An evil day, such as the one we are in, requires special withstanding. We must be spiritually alert, watching for the wicked intentions of principalities, and calling believers to stand guard for Jesus’ cause. And having resisted, we must maintain our ground with vigilance.

3. TRUTH, LIKE A WAIST BELT.  “having girded your waist with truth” (6:14)

As Paul earlier wrote, “speaking the truth in love.“(4:15) Truth counters “dissensions, heresies” false witness, theft, fraud, etc. (Gal.5:20)

4. RIGHTEOUSNESS, AS A BREASTPLATE. “having put on the breastplate of righteousness” (6:14)

We were chosen to be “holy and without blame before Him in love” (Eph.1:4).
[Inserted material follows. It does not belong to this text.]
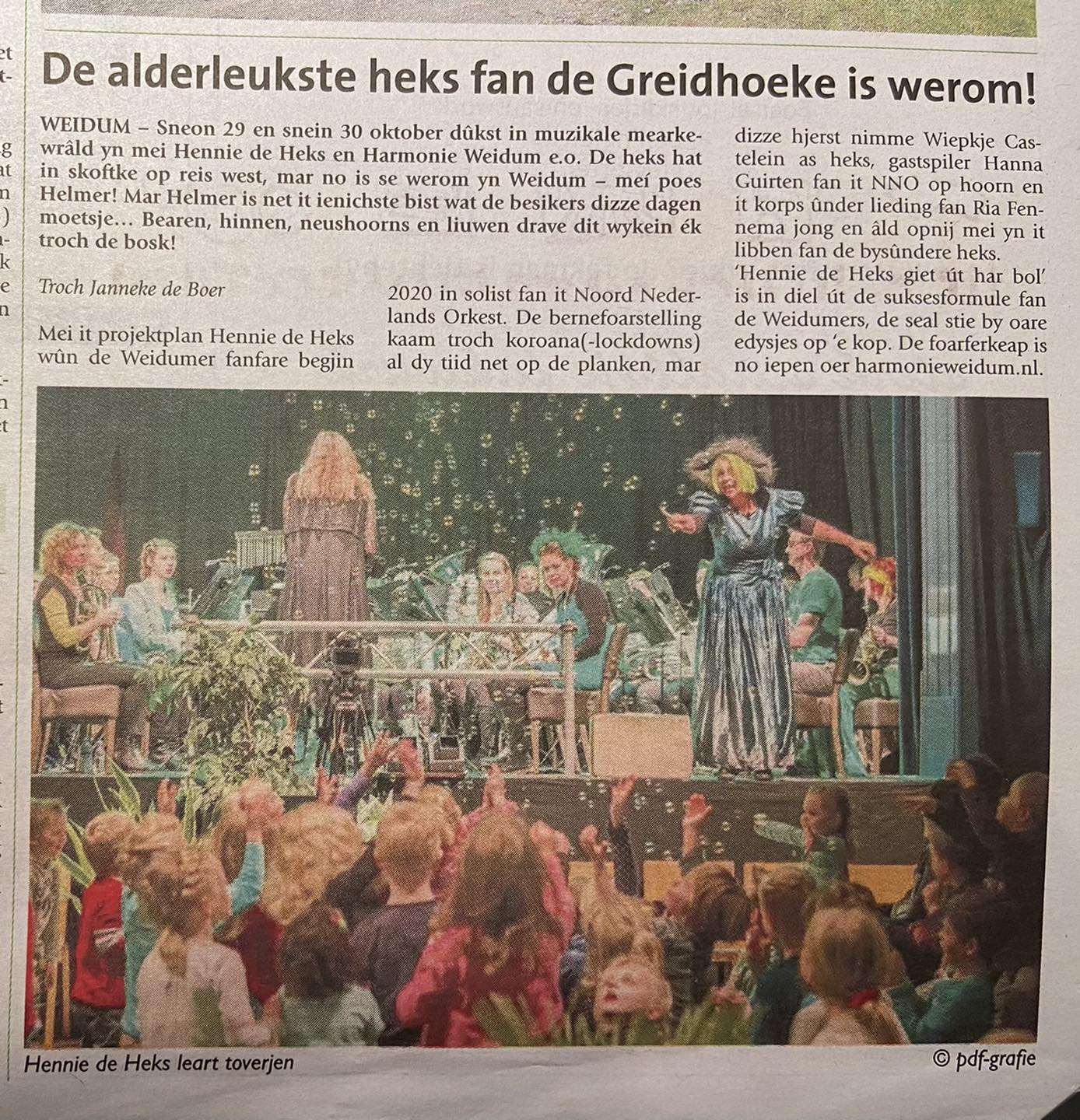 De alderleukste heks fan de Greidhoeke is werom! Sneon 29 en snein 30 oktober dûkst in muzikale mearkewrâld yn mei Hennie de Heks en Harmonie Weidum e.o.. De heks hat in skoftke op reis west, mar no is se werom yn Weidum – meí poes Helmer! Mar Helmer is net it ienichste bist wat de besikers dizze dagen moetsje… Bearen, hinnen, neushoorns en liuwen drave dit wykein ék troch de bosk! Mei it projektplan Hennie de Heks wûn de Weidumer fanfare begjin 2020 in solist fan it Noord Nederlands Orkest. De bernefoarstelling kaam troch corona (-lockdowns) al dy tiid net op de planken. Mar dizze hjerst nimme Wiepkje Castelein as heks, Gastspiler Hanna Guirten fan it NNO op hoorn en it korps ûnder lieding fan Ria Fennema jong en âld opnij mei yn it libben fan de bysûndere heks.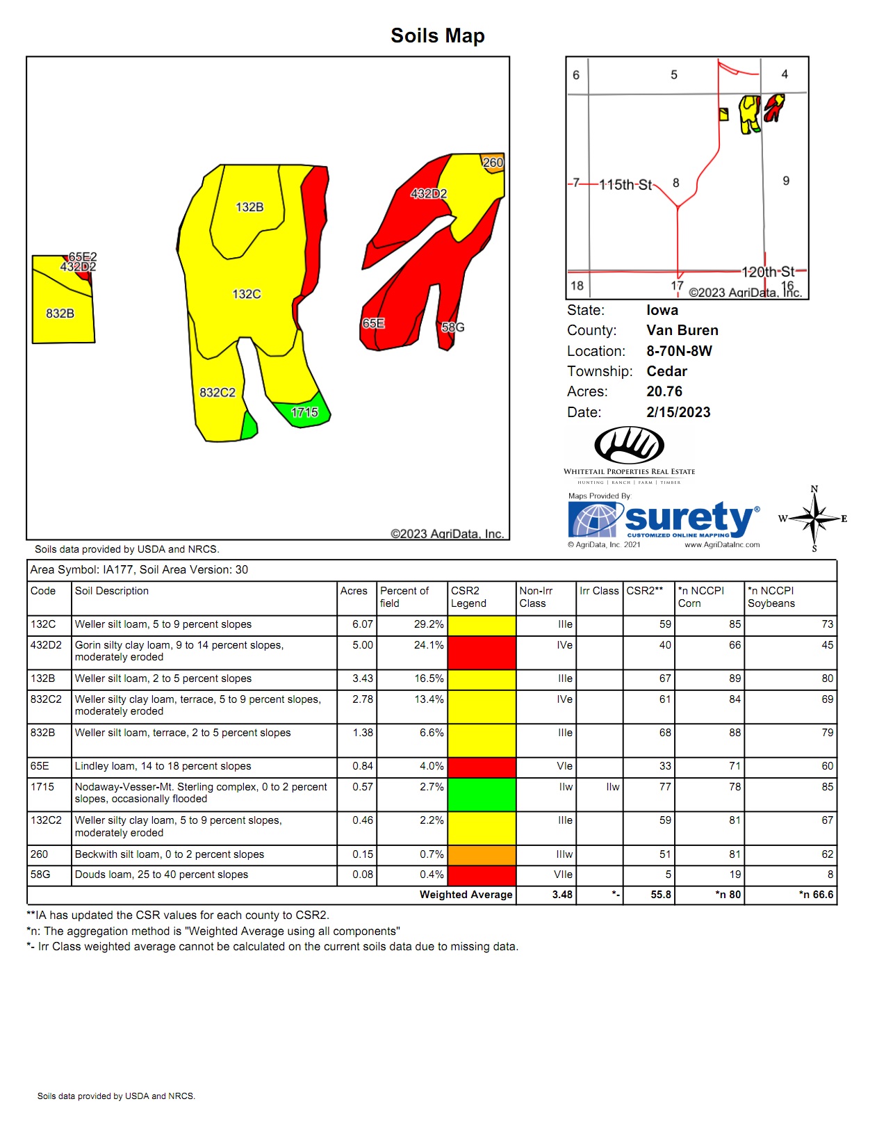 - Tillable: approximately 20 acres currently in hay has an average CSR2 of 55.8

As such, we fight adultery, drunkenness, and revelries.

5. THE GOSPEL OF PEACE, AS FOOT WEAR. “having shod your feet with the preparation of the gospel of peace” (6:15)

Jesus brought peace, removing enmity between Jew and Gentile. Peace overcomes hatred, bigotry and violence. True peace is not a covering over of simmering hatred, but is true reconciliation which brings inner oneness with the other.

6. FAITH, AS A SHIELD. “above all, taking the shield of faith with which you will be able to quench all the fiery darts of the wicked one” (6:16)

The wicked one launches “fiery darts” of doubt, jealousy, and outbursts of wrath (Gal.5:20). Faith quenches these flaming assaults.

7. SALVATION, AS A HELMET. “And take the helmet of salvation” (6:17)

Evil principalities tempt us with idolatry, despair, sorcery selfish ambition, and murder. But in salvation, both in being born again, and progressively throughout life, we are delivered.

8. THE WORD OF GOD, AS A SWORD.  “and the sword of the Spirit, which is the word of God” (6:17)

We possess the word of truth given to us and written down, we hear from the Spirit of God in our ongoing relationship with Him. And we speak the truth as a part of our warfare.

9. PRAYER, AS THE HEART TO ENGAGE THE ENEMY. “praying always…” (6:18ff)

Without prayer, we lose touch with our Master and therefore lose sight of the victory we are promised. Prayer keeps us “watchful.” By prayer we persevere. And by prayer we reach out to encourage all saints everywhere. Prayer gives boldness to speak, even when imprisoned. The relationship with God maintained through prayer energizes every element of our armor.

What does it look like for you to intentionally put on these elements and confront this evil day?